A crypto-backed loan is a secured loan where crypto is the security. You deposit crypto as collateral with a lender or a protocol, and in return you receive a loan, usually in stablecoins or fiat currency. You keep ownership of the collateral in the accounting sense; it is yours to reclaim once the debt is cleared. What you give up is control of it while the loan is open, and the right to keep it if the loan goes wrong.
It works the same way a pawnshop or a home equity line works. The lender holds something valuable of yours, lends you a portion of its worth, and keeps the right to sell the asset if you do not pay. The difference is that your collateral here can lose a third of its value in a weekend, which changes everything about how these loans are priced and how fast they can go bad.

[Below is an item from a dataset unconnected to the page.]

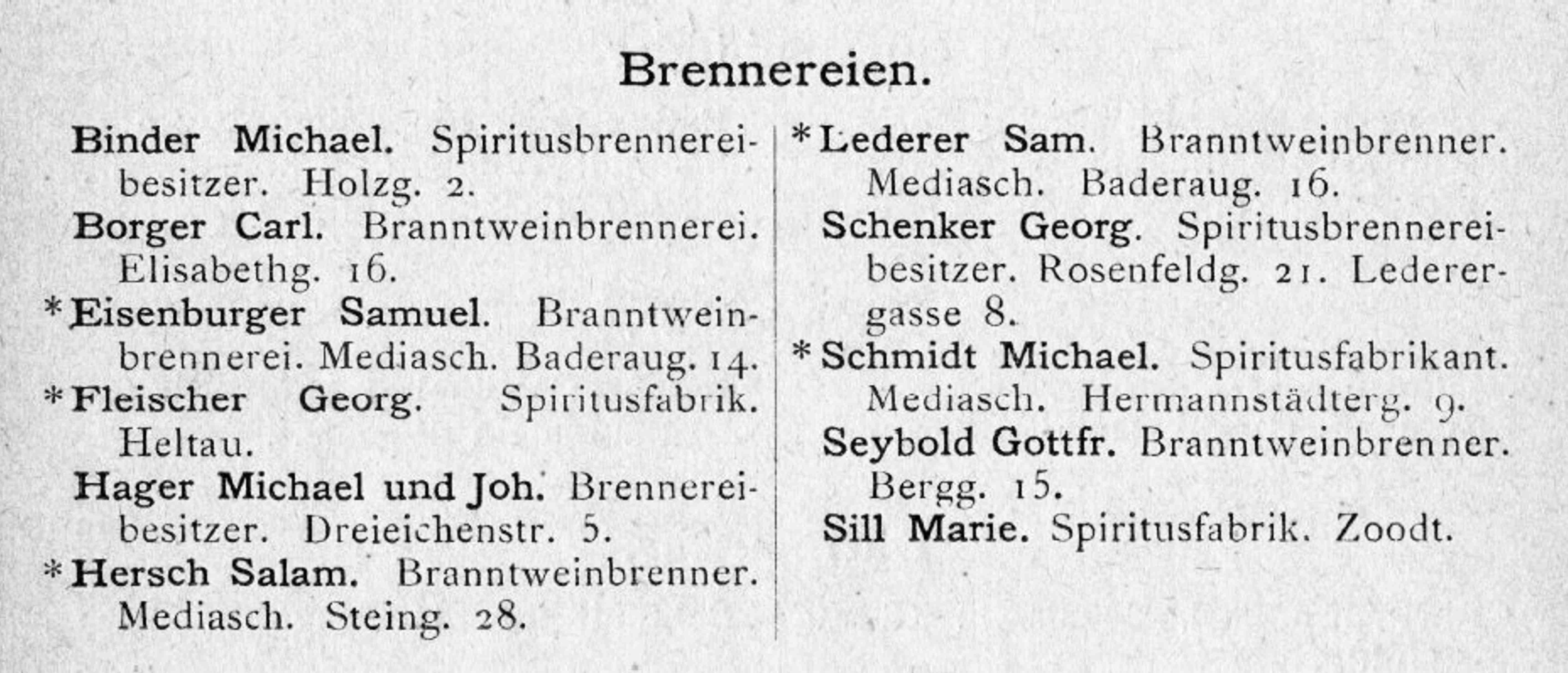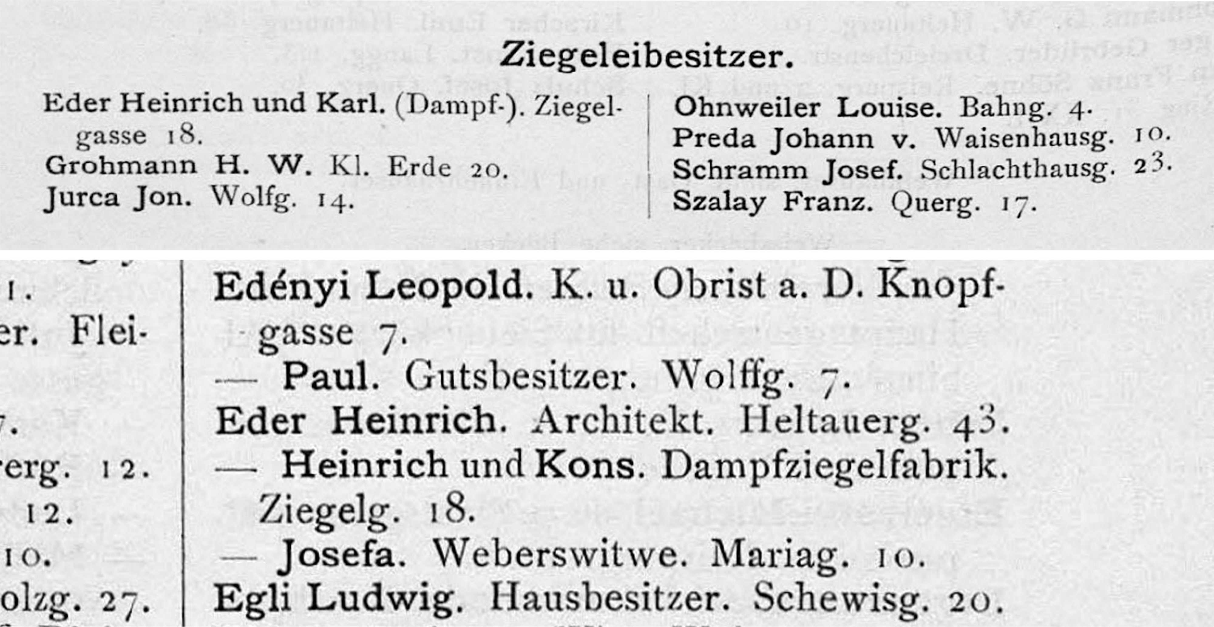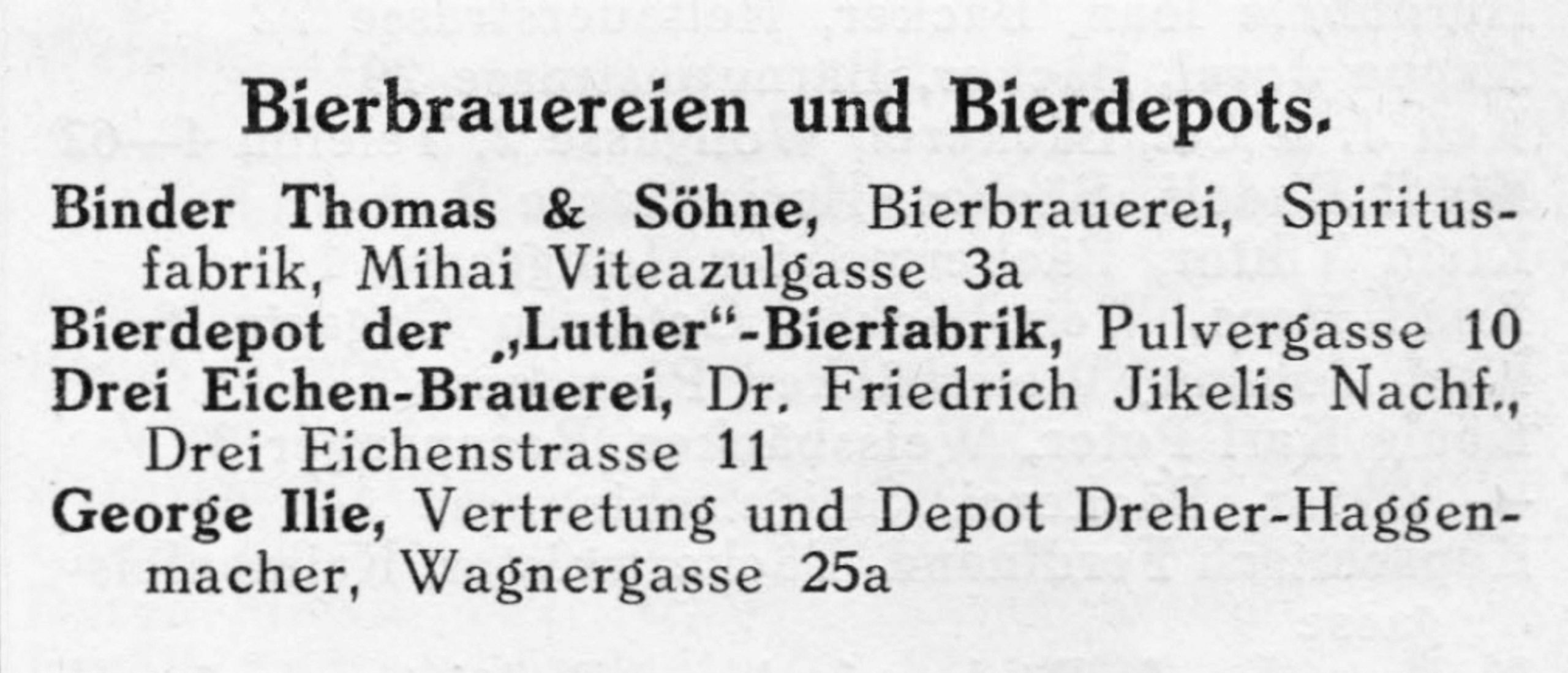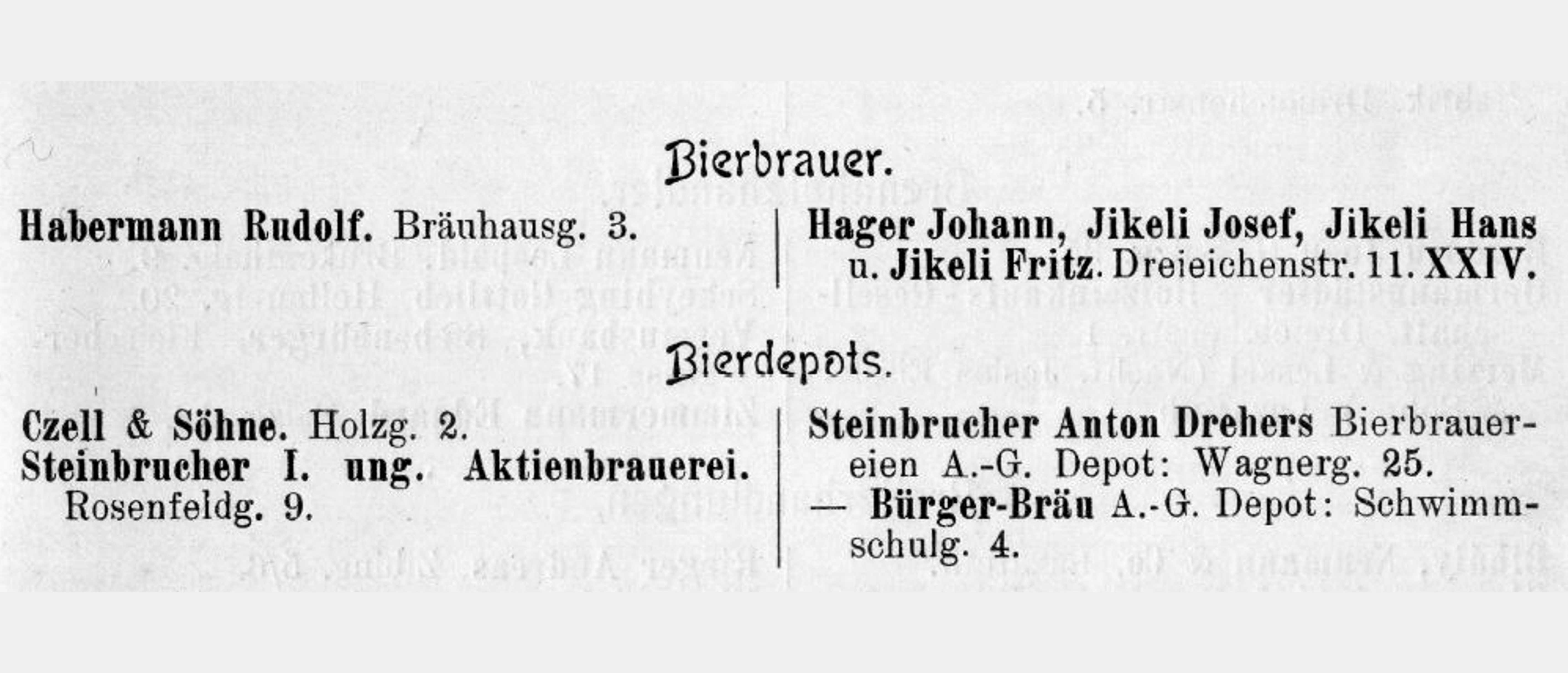 Proprietarii Fabricii de bere Trei Stejari // Drei Eichen Brauerei sunt listați în cartea de adrese din 1892, la capitolul „ Brauereibesitzer” (proprietar de fabrică de bere): Friedrich Jikeli & Johann Hager – Dreieichenstrasse 11 (Brauereibesitzer).
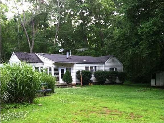Build your dream home here! 2.3 acres set back from road. New pole barn in back...an in ground pool that has been covered for many years...dog run for those with pets...this area is serviced by well and septic, and would be part of construction costs as system is older....current home is in need of total rehab, or tear down...this is all about the land, surrounded by trees with easy access to major roadways.

People reach for these loans for a specific reason: they want cash or stablecoins but do not want to sell. Maybe they think the asset will go up and they do not want to miss it. Maybe selling would trigger a tax bill they would rather defer. Maybe they just need liquidity for a few months and expect to repay. The loan lets them spend the value of their crypto without parting with the crypto itself.
How does a crypto-backed loan work?
The flow is roughly the same whether you use a custodial company or a DeFi protocol. Here is the order of operations.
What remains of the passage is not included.